- Exercise data:
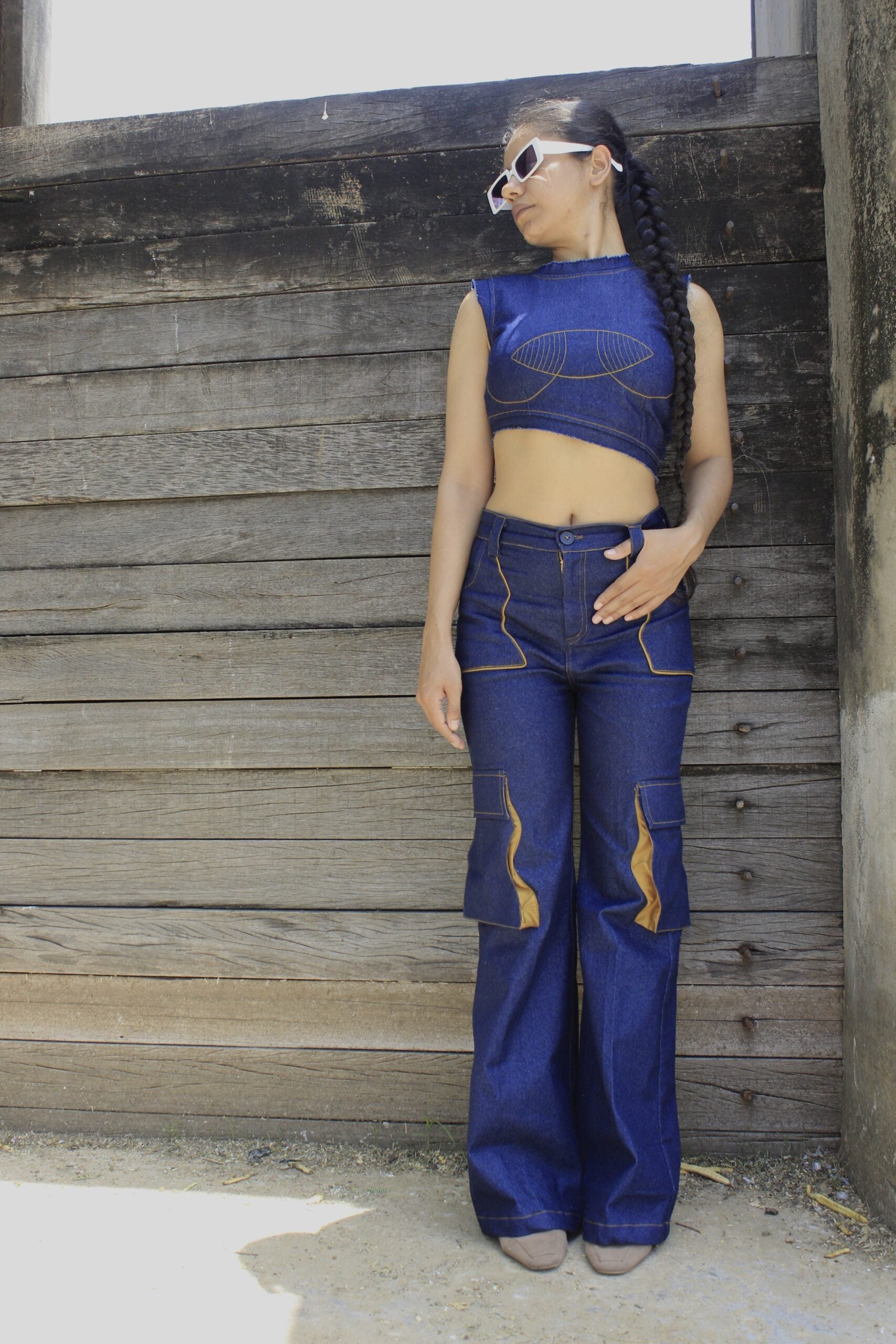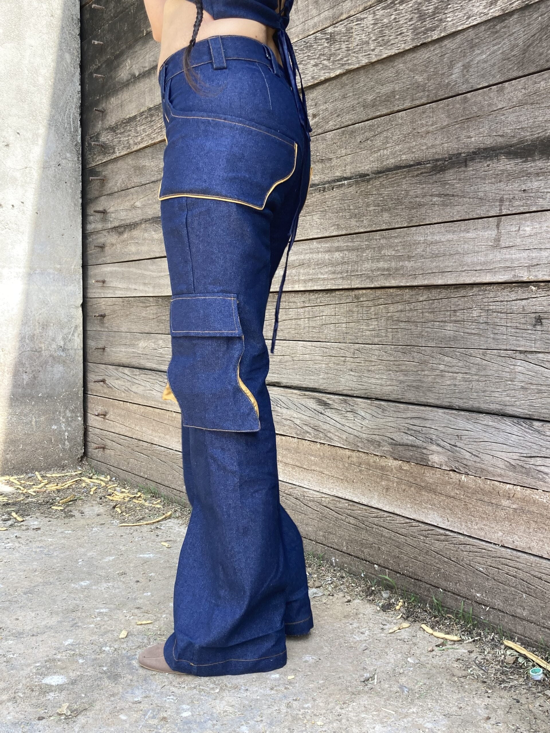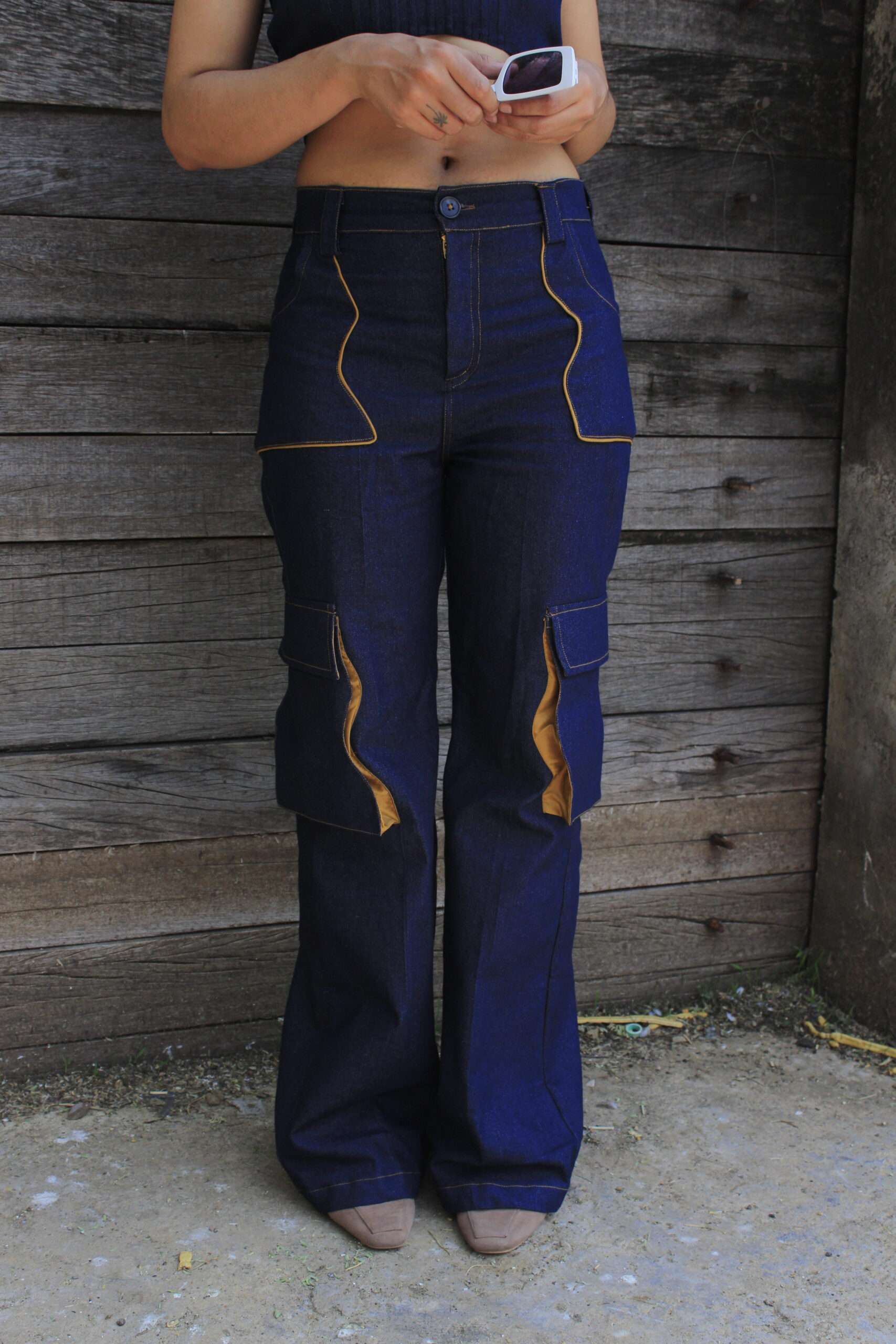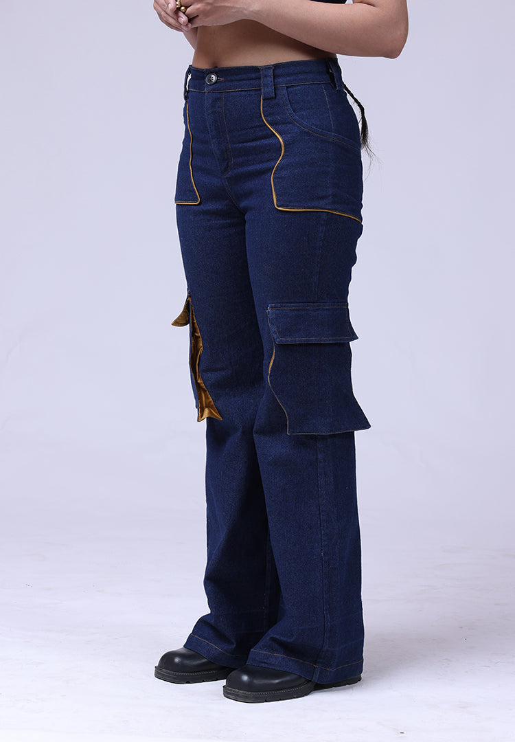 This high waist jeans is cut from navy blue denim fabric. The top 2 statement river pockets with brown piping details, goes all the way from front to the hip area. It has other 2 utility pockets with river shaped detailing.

* * *

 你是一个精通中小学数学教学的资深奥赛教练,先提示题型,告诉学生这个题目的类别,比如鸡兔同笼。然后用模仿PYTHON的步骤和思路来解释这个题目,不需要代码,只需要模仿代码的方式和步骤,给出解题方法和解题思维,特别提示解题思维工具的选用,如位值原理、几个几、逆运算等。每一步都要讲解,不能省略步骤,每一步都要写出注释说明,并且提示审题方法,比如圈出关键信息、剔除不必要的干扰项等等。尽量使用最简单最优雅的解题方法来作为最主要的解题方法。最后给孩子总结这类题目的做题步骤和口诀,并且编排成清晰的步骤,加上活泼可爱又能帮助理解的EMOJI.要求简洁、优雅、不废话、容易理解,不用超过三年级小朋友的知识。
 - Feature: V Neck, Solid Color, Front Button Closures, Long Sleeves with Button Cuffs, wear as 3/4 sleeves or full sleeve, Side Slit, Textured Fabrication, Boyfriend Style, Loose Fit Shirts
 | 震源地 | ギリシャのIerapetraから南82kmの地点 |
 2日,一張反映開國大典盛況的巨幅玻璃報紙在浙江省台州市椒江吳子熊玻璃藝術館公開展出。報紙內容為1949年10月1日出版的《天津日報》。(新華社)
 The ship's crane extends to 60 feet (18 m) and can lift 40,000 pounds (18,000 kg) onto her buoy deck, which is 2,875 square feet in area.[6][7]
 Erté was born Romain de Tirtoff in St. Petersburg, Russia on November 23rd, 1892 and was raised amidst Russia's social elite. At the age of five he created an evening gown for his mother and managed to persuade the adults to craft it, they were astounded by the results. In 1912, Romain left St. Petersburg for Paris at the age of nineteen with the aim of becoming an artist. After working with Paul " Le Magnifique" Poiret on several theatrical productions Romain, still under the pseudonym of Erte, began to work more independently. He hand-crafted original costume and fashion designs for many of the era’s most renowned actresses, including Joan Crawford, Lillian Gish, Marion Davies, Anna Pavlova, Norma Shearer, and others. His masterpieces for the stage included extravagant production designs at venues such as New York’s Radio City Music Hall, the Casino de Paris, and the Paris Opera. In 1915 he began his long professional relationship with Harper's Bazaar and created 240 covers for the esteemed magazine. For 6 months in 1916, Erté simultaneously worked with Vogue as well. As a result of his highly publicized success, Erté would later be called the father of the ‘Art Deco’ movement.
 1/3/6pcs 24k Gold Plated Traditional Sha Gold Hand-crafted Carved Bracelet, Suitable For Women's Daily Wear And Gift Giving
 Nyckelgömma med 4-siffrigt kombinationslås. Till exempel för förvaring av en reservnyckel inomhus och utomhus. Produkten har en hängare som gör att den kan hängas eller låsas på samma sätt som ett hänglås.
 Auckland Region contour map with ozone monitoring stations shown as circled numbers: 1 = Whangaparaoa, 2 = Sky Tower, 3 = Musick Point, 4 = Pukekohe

* * *

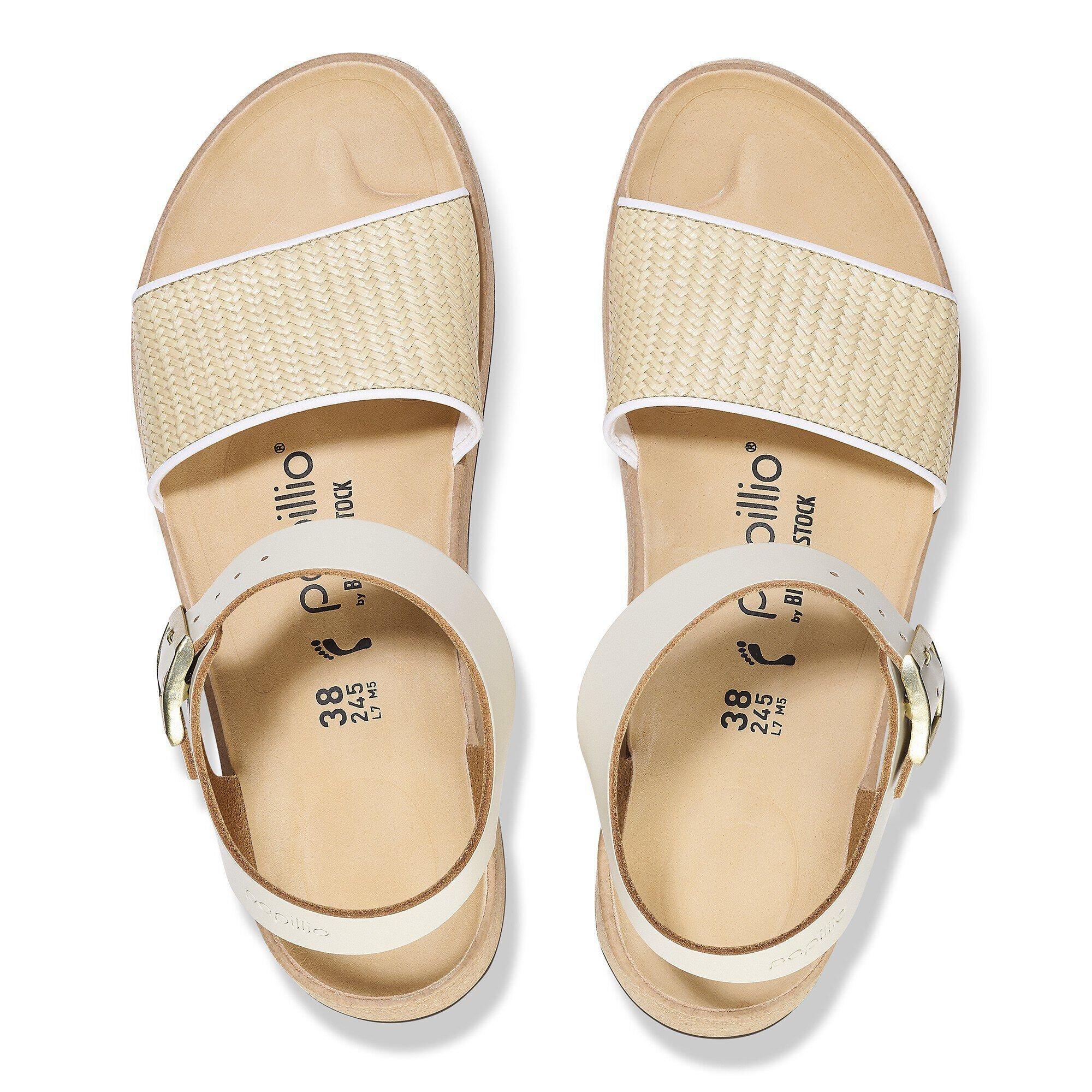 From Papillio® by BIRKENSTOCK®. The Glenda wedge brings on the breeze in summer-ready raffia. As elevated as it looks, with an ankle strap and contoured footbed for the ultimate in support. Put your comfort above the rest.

- Exercise: Work out how many lines in the material above hold the string "crafted", and reply with the number only.

- Written response: 2